Bitcoin’s price action stalled above $76,000 on Tuesday after a wave of short-term profit-taking hit levels not seen so far in 2026, even as larger holders continued to add to positions. The tug-of-war between quick sellers and long-term accumulators may slow any rapid move toward the $80,000 area.
Short-term profit-taking and whale accumulation
On April 14, short-term holders moved about 63,000 BTC into profit and onto exchanges — the biggest single-day figure this year and the largest flow since the 44,800 BTC spike on Jan. 14. During the same window, one-day-to-one-week holders sent nearly 2,000 BTC back to Binance, signaling that fresh buys were rotating into sell-side liquidity as BTC hovered near $76,000.

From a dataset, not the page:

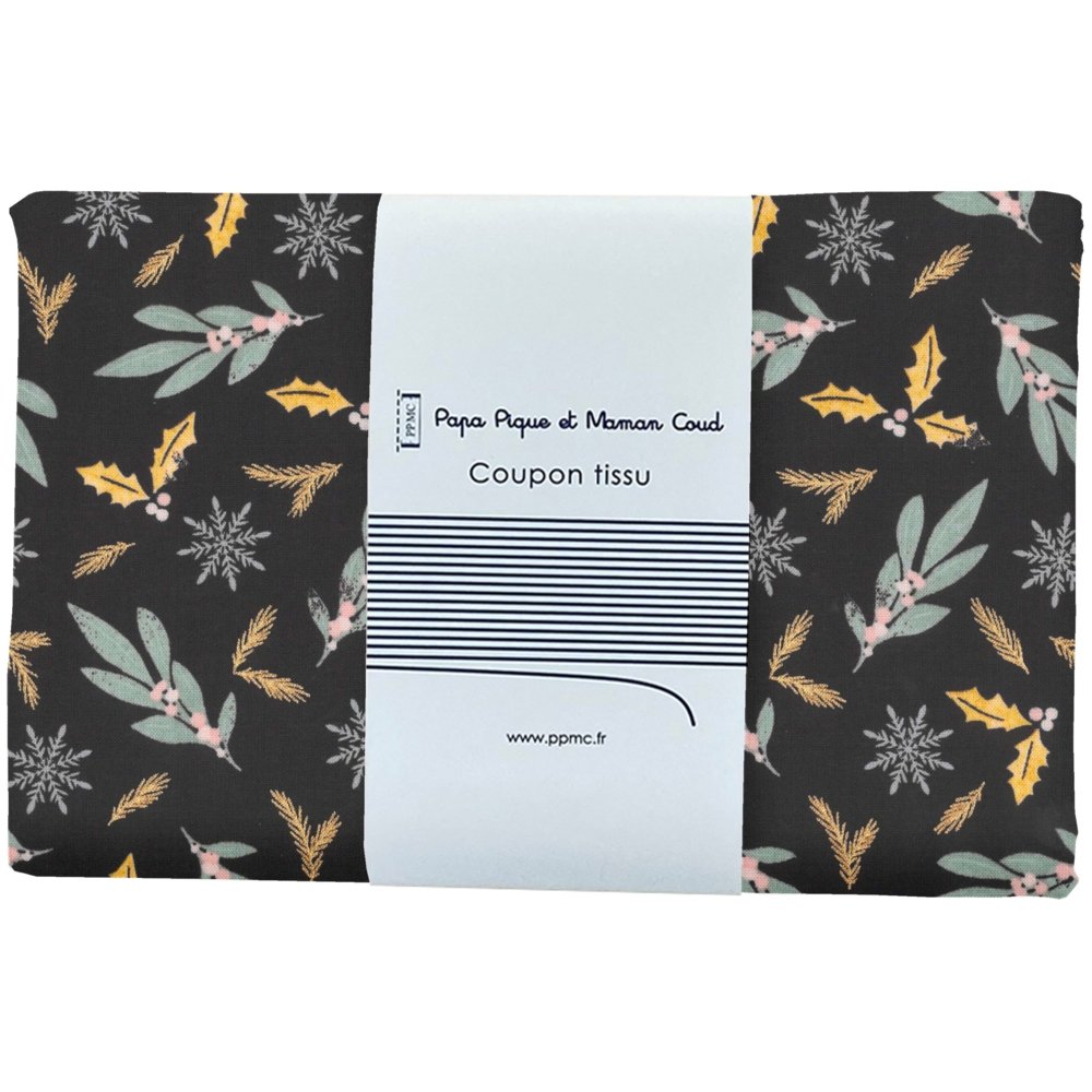 Nice cotton with good hold. Its vegetal pattern with touches of gold on a black background will be very chic for all your Christmas DIYs, decorations, furoshikis, etc...

CryptoQuant analyst Amr Taha described the activity as the first clear bout of profit-taking following a retest of monthly highs, calling it cautious distribution by newer market participants securing gains at resistance. That pattern, he said, points to a natural cooling of momentum.
By contrast, large holders showed bullish behavior. Market analyst CW highlighted a single-day inflow of more than 71,000 BTC into accumulation addresses — the biggest bullish inflow since early 2022 — suggesting whales were absorbing supply from short-term sellers. That transfer from weaker to stronger hands could help stabilize price even while limiting an immediate breakout.
Liquidity clusters hint at a modest pullback
After printing equal highs around $76,000, BTC was rejected near the 100-day exponential moving average (EMA) — its first such test since Jan. 14 — and eased to roughly $73,500. On intraday charts the uptrend remains intact, but liquidity clusters on the one-hour timeframe concentrate around $73,000 and $72,000, levels likely to attract bids before any resumed rally.
A liquidation heatmap shows about $1.4 billion in cumulative long liquidations clustered near $73,000, rising to $3.5 billion of long exposure at risk near $70,500. Conversely, pushing toward $80,000 would imperil roughly $2 billion in leveraged short positions. That asymmetry between long and short liquidation zones makes a retest of the $72,000–$70,000 range plausible before a sustained advance.
These dynamics are unfolding alongside steady ETF-related flows and broader market forces, underscoring how short-term profit-taking and long-term accumulation can interact to shape near-term price behavior.